Research Reveals That Only a Tiny Percentage of Traders Drive Accuracy in Prediction Markets

A recent scandal involving a Green Beret who was arrested for betting on a classified U.S. raid may be more than an isolated incident, according to a new study. The research suggests that this individual may be part of a small group of informed traders who significantly influence prices on platforms like Polymarket, while the broader crowd incurs losses. The study, conducted by researchers from the London Business School and Yale, analyzed over 1.72 million accounts and $13.76 billion in trading volume on Polymarket from 2023 to 2025. The findings indicate that a mere 3% of traders are responsible for the majority of price discovery, consistently predicting outcomes and moving prices in the correct direction. In contrast, the remaining 97% of traders primarily provide liquidity and generate volume, but ultimately end up on the losing side of trades against the informed minority. To distinguish between skill and luck, the researchers simulated each trader's bets 10,000 times, using the same markets, moments, and dollar amounts, but with the direction of the bet determined by a coin flip. The results showed that among the biggest winners by raw profit, only 12% outperformed the benchmark, and many apparent winners did not sustain their performance over time. The activity of skilled traders improves market accuracy, particularly in the final stages before resolution, and they are also the first to react to new information, such as Federal Reserve announcements or corporate earnings. However, the same edge that makes skilled traders valuable to price discovery raises concerns when that information is not public or is not supposed to be.

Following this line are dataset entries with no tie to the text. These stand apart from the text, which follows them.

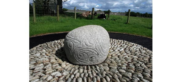 Камень Каслстрендж (Castlestrange stone) – рис. 28, находится на территории «Дома Каслстрендж» в графстве Роскоммон, Ирландия. Это гранитный валун, украшенный спиралями и завитушками, относящийся, по мнению автора [92], к периоду железного века, между 500 г. до н. э. и 100 г. н. э.
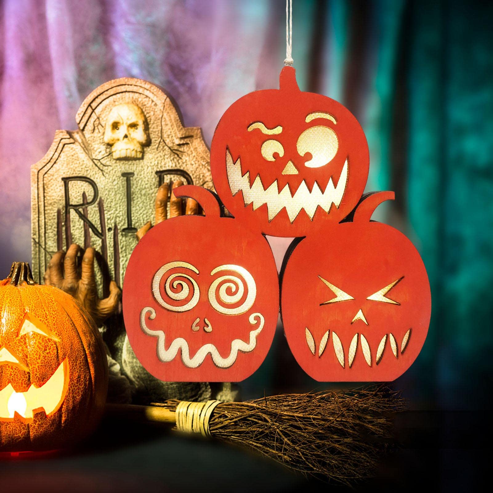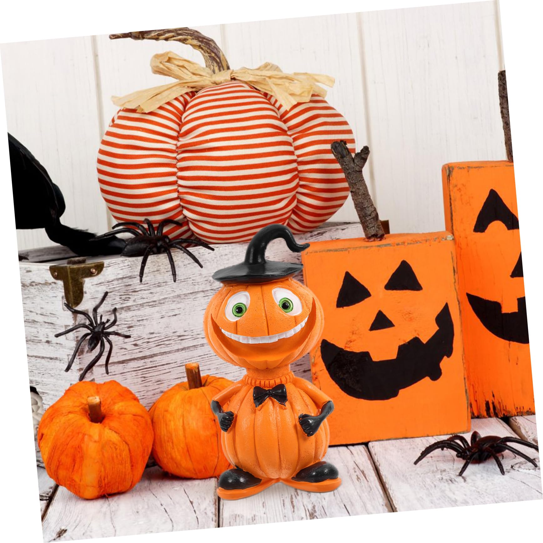 Boo! Diese süße Halloween-Kürbis-Licht Figur bringt sofort gruselige Stimmung in dein Zuhause! Die 15cm große Figur aus robustem Harz hat dieses typische Halloween-Orange und sieht super niedlich aus. Perfekt für den Esstisch, das Bücherregal oder als Blickfang auf dem Kaminsims. Sie schafft sofort diese geheimnisvolle Halloween-Atmosphäre, die jede Party richtig aufpeppt. Das Beste: Du kannst sie jedes Jahr wieder verwenden, da das Material langlebig ist und die Farbe nicht verblasst. Kombiniere sie mit anderen Halloween-Dekos für den ultimativen Grusel-Look oder verschenke sie an Halloween-Fans - die werden sich riesig freuen! Einfach hinstellen und schon ist die Halloween-Stimmung da!
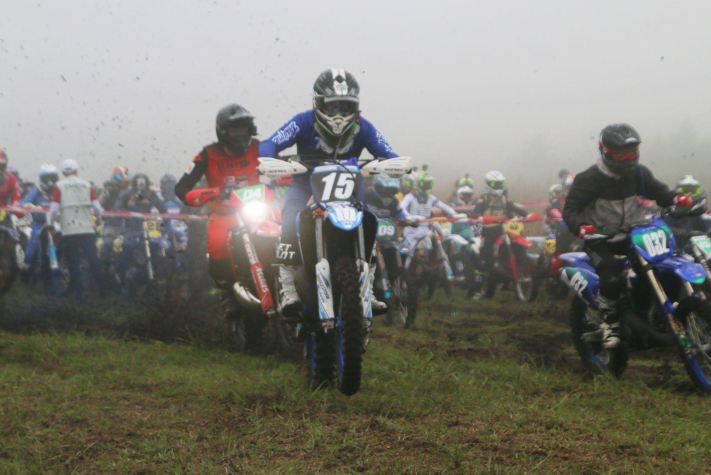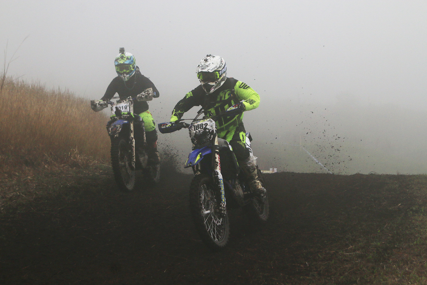 - 濃霧の中で好スタートを切ったのは 岩井良宏 選手(331 Racing Team)。レース序盤から厳しいコースコンディションの中を快走し、2位を走っていた 嶋岡虎汰朗 選手(ハスクバーナショップヒラタ自動車)に30秒近く差をつけてトップを走り続ける。だが状況が変わったのは最終ラップの後半、嶋岡選手の猛追を受け、激しいバトルの結果両者ともにコースアウトしてしまったのだ。そしてレースに復帰しようとコースに戻る際に転倒してしまった2人が接触し、嶋岡選手が左肩を脱臼するアクシデント。しかし 嶋岡選手は痛みに耐えながらそのままレースを続行し、見事に優勝を手にした。
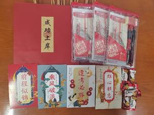 党委副书记王亦晨表示,送上考研礼物就是送上全院师生对考研学子最深情的祝福,必须让学生们实实在在感受到学院的关爱和温暖。学院领导班子成员、各专业系主任、辅导员和低年级同学们历时半个月精心策划、挑选购置,为150位考研学子写下专属祝福,寄语考研学子能在最后关键时刻沉着应考、稳扎稳打、坚持到底,用最佳的状态与最好的心态成就最好的自己。
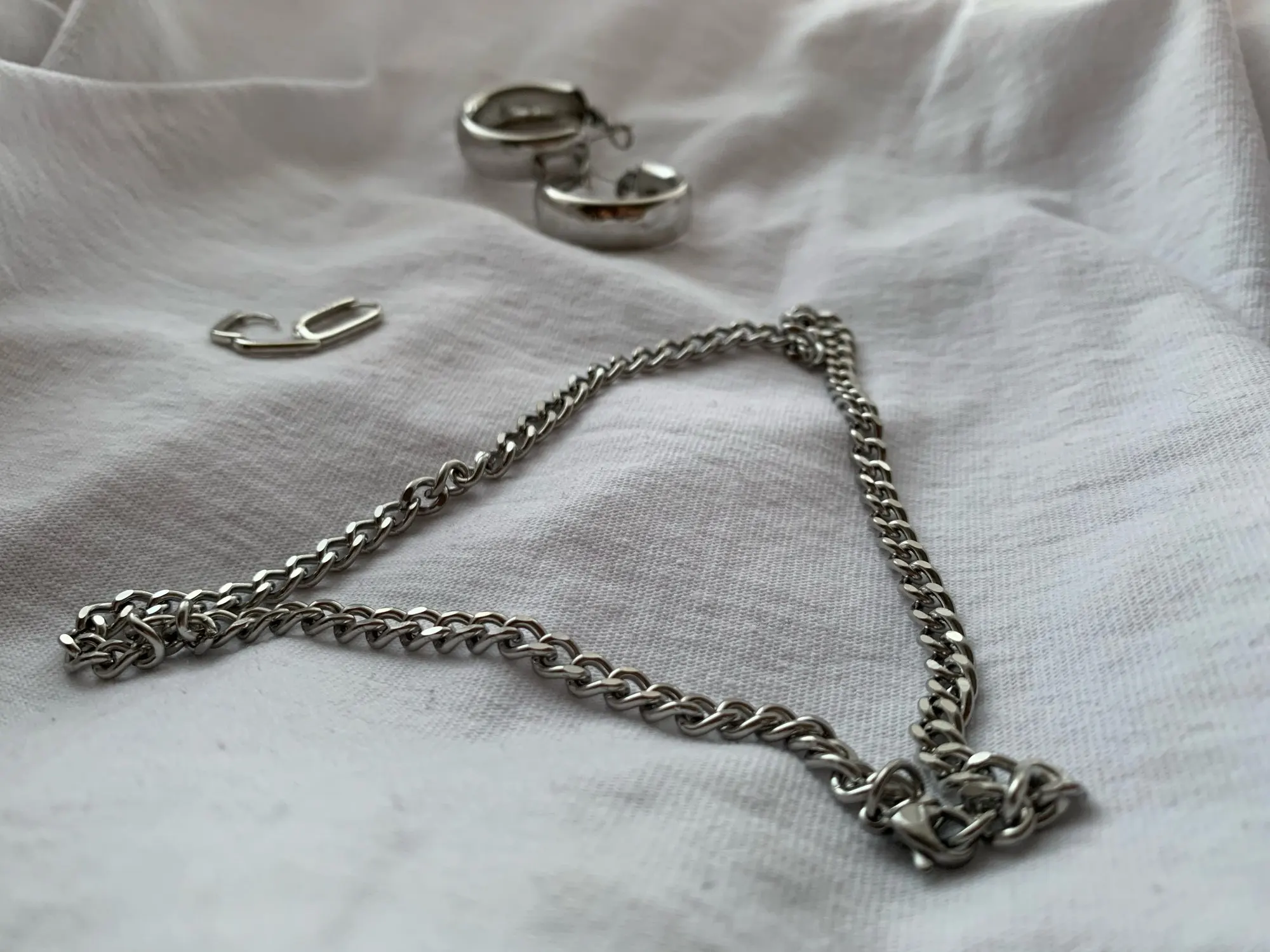 похоже на серебро, есть проба.заказ дошёл быстро. удобная застёжка. очень лёгкие.

The study highlights the risk of insider trading, citing the example of the U.S. removal of Nicolás Maduro from power in Venezuela, where three newly created Polymarket accounts placed unusually large bets on the contract before the event, collectively making over $630,000. While insider trades are rare and concentrated in a handful of events, the findings challenge the idea that prediction markets work due to the collective knowledge of the crowd, instead suggesting that they work because of the informed traders who drive price discovery.